Distributed Cloud: host swact failed as the controller services group could not be disabled for the node to go standby

Bug #1866099 reported by Tee Ngo
14
This bug affects 1 person
Affects Status Importance Assigned to Milestone
StarlingX
Fix Released
High
Matt Peters

Bug Description

Brief Description
-----------------
Controller swact failed as sm could not disable the controller services group in order to go standby.

Severity
--------
Critical - following the swact failure, the system got into a stale mate state. Platform services and system commands were not available until sm issued a node reboot 50 minutes or so later.

Steps to Reproduce
------------------
1. Configure a distributed cloud with stx-monitor app applied on the SystemController
2. Lock the standby controller
3. Change platform memory allocation and wait for the platform-integ-apps reapply to complete
4. Unlock the standby controller
5. Perform host-swact
6. Lock the new standby controller to update its memory then unlock
7. Perform host-swact

Expected Behavior
------------------
Host swact is successful

Actual Behavior
----------------
Swact would fail in step 5. It would take close to 1 hour for the system to self recover. Swact would fail again in step 7.

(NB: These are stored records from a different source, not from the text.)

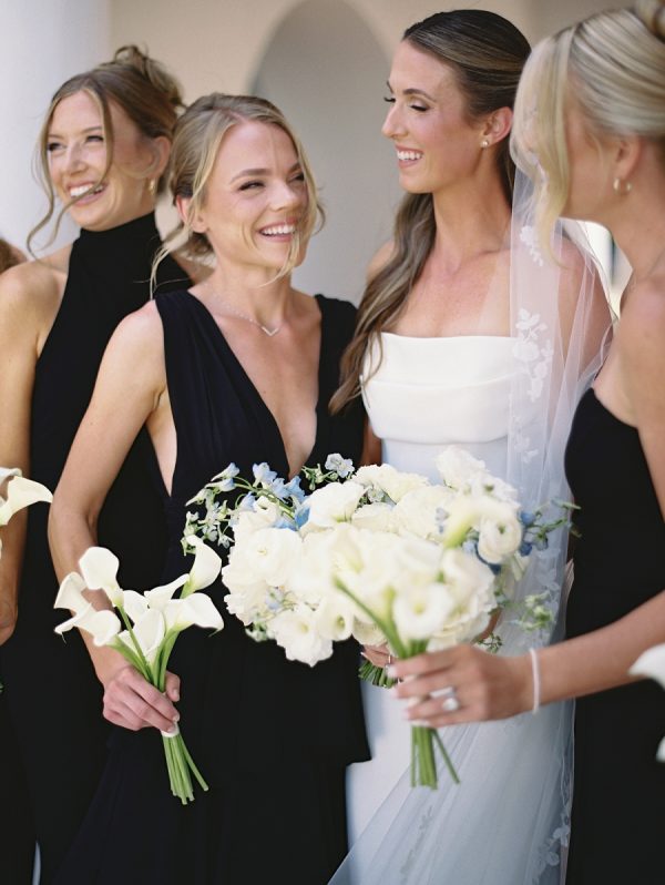 Although our wedding was not black tie, I wanted our wedding party to be in long black dresses and black tuxes. We had a very large wedding party (16 bridesmaids & 14 groomsmen), so black felt the most clean and timeless. I did, however, allow each bridesmaid to choose their own black dress so we had a beautiful variety of silhouettes and everyone looked and felt beautiful in the dress of their choice!
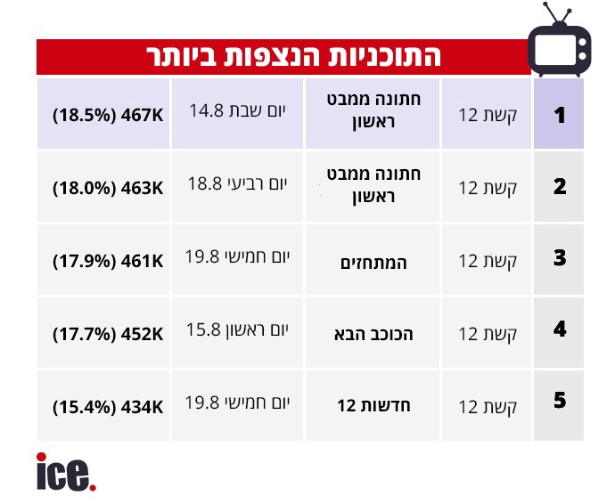האח הגדול, משחקי השף ושאר התכנים של רשת לא הצליחו להוות אתגר לכוכב הבא, חתונה ממבט ראשון ואפילו למהדורת חדשות 12. מי השיגה את המקום הראשון ואיזה תכניות נוספות נכנסו לטופ 5?
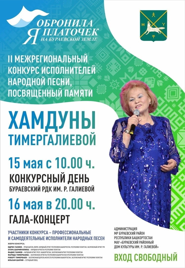 15-16 мая в селе Бураево состоится II Межрегиональный конкурс башкирской и татарской народной песни памяти Хамдуны Тимергалиевой «Обронила я платочек на Бураевской земле». Первый день будет конкурсным, во второй день – гала-концерт. В этом году на участие в конкурсе поступило более 30 заявок от профессиональных артистов и самодеятельных исполнителей Башкортостана и Татарстана. Оценивать конкурсантов будет жюри под председательством народного артиста Башкортостана и Татарстана, заслуженного артиста РФ Идриса Газиева. В составе жюри: народная артистка РТ, солистка Татарской госфилармонии им. Г. Тукая Зухра Шарифуллина, народный артист РБ, заслуженный артист РТ Фадис Ганиев, заслуженная артистка РБ Фарида Тимербаева, заслуженный деятель искусств РБ Роберт Тимербаев, популярный певец двух республик Ильхам Шариф. Мероприятие направлено на увековечение памяти народной артистки Башкортостана и Татарстана Хамдуны Тимергалиевой; выявление, развитие и поддержку молодых самодеятельных и профессио
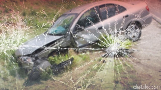 Mobil berwarna abu-abu tersebut terlihat mengalami kerusakan cukup berat. Kaca mobil pecah hingga pintu mobil pun terlihat rusak.
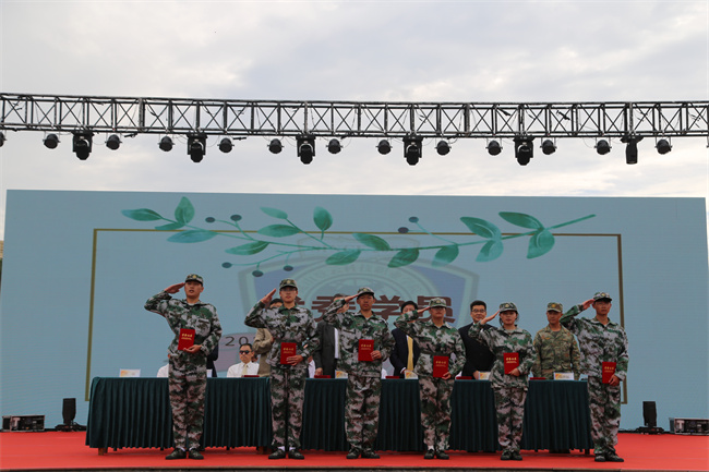 徐伟副校长宣读军训表彰决定。对军训中同学们的出色表现给予了充分肯定。校领导分别为军训先进集体、军训优秀学员和军训优秀指导员颁奖。

Snippet of sm-customer.log
| 2020-03-04T15:43:22.199 | 471 | node-scn | controller-1 | | swact | issued against host controller-1
| 2020-03-04T15:57:24.462 | 602 | service-scn | drbd-cephmon | enabled-go-standby | enabled-go-standby-failed | go-standby failed
| 2020-03-04T15:57:24.462 | 603 | service-group-scn | controller-services | disabling | disabling-failed | drbd-cephmon(enabled-go-standby, failed)
| 2020-03-04T15:57:26.564 | 630 | service-group-scn | controller-services | disabling-failed | go-active-failed | drbd-cephmon(enabled-go-standby, failed), drbd-dockerdistribution(enabled-go-standby, failed), drbd-etcd(enabled-go-standby, failed), drbd-patch-vault(enabled-go-standby, failed), drbd-extension(enabled-go-standby, failed), ...
| 2020-03-04T15:57:28.768 | 674 | service-scn | dcorch-patch-api-proxy | enabled-active | disabled | process (pid=2915275) failed
| 2020-03-04T16:00:26.523 | 756 | service-group-scn | controller-services | go-active-failed | disabling-failed | drbd-cephmon(enabled-go-standby, ), drbd-dockerdistribution(enabled-go-standby, ), drbd-etcd(enabled-go-standby, ), drbd-patch-vault(enabled-go-standby, ), drbd-extension(enabled-go-standby, ), ...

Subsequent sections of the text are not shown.